*** Begin section ***
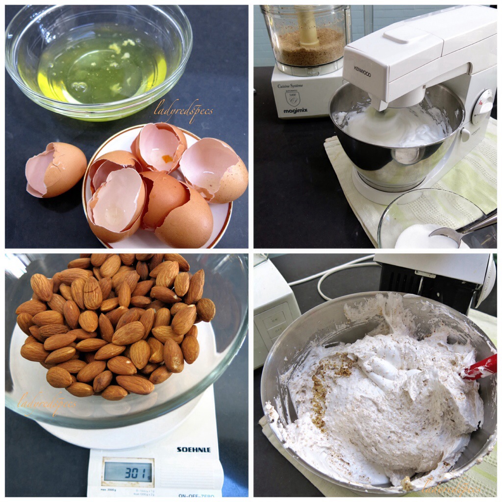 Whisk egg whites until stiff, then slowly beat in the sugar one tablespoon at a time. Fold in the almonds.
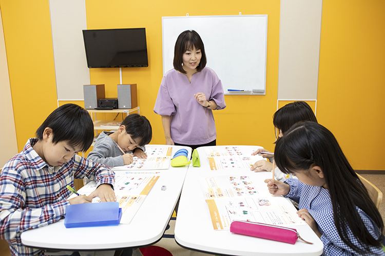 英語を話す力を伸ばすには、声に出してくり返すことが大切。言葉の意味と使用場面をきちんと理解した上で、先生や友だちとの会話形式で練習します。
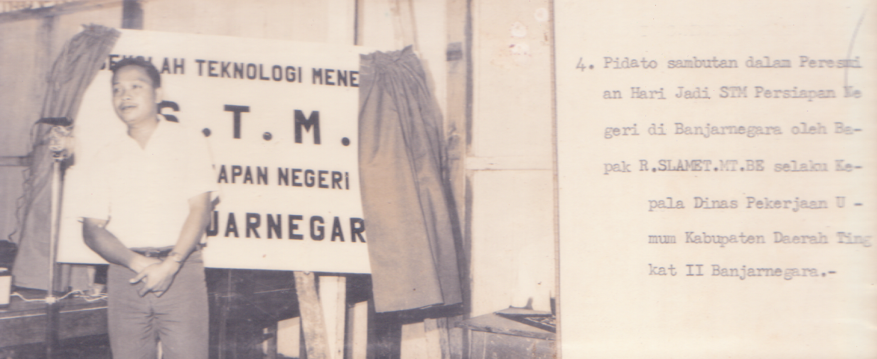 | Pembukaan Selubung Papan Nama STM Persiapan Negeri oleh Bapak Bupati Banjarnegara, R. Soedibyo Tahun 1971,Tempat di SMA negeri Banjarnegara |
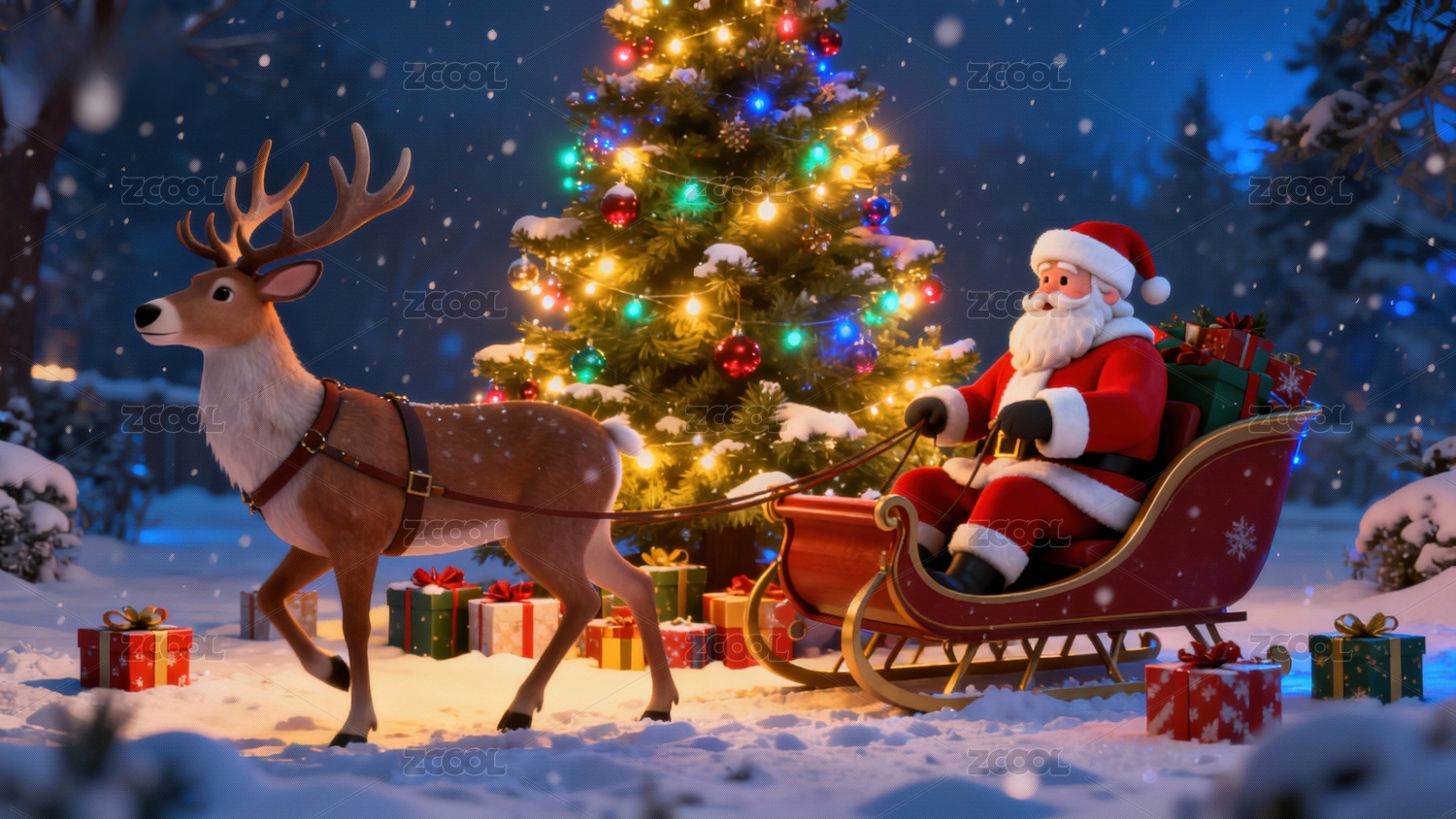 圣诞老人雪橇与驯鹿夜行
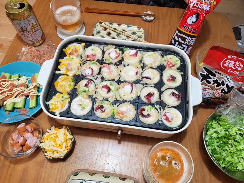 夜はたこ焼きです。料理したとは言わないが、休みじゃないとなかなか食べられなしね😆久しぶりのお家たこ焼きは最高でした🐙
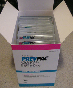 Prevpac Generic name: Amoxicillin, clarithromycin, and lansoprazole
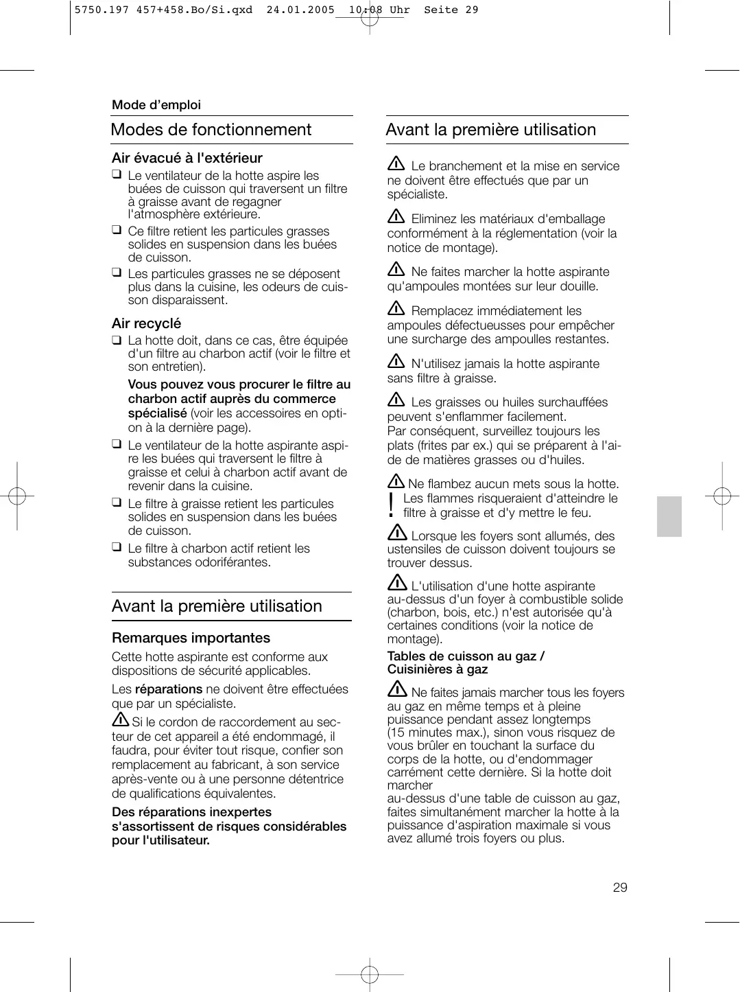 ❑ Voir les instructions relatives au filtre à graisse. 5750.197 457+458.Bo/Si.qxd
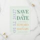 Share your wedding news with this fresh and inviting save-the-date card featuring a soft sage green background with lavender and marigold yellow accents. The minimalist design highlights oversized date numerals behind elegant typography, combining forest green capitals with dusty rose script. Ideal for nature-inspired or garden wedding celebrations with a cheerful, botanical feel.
*** End section ***
• _Task directions_
Return, exactly as they stand, the lines from the opening line of the listing through the line with "graisse. 5750.197 457+458.Bo/Si.qxd", both ends counted, and no pictures.

• _Answer to the problem_
 Whisk egg whites until stiff, then slowly beat in the sugar one tablespoon at a time. Fold in the almonds.
 英語を話す力を伸ばすには、声に出してくり返すことが大切。言葉の意味と使用場面をきちんと理解した上で、先生や友だちとの会話形式で練習します。
 | Pembukaan Selubung Papan Nama STM Persiapan Negeri oleh Bapak Bupati Banjarnegara, R. Soedibyo Tahun 1971,Tempat di SMA negeri Banjarnegara |
 圣诞老人雪橇与驯鹿夜行
 夜はたこ焼きです。料理したとは言わないが、休みじゃないとなかなか食べられなしね😆久しぶりのお家たこ焼きは最高でした🐙
 Prevpac Generic name: Amoxicillin, clarithromycin, and lansoprazole
 ❑ Voir les instructions relatives au filtre à graisse. 5750.197 457+458.Bo/Si.qxd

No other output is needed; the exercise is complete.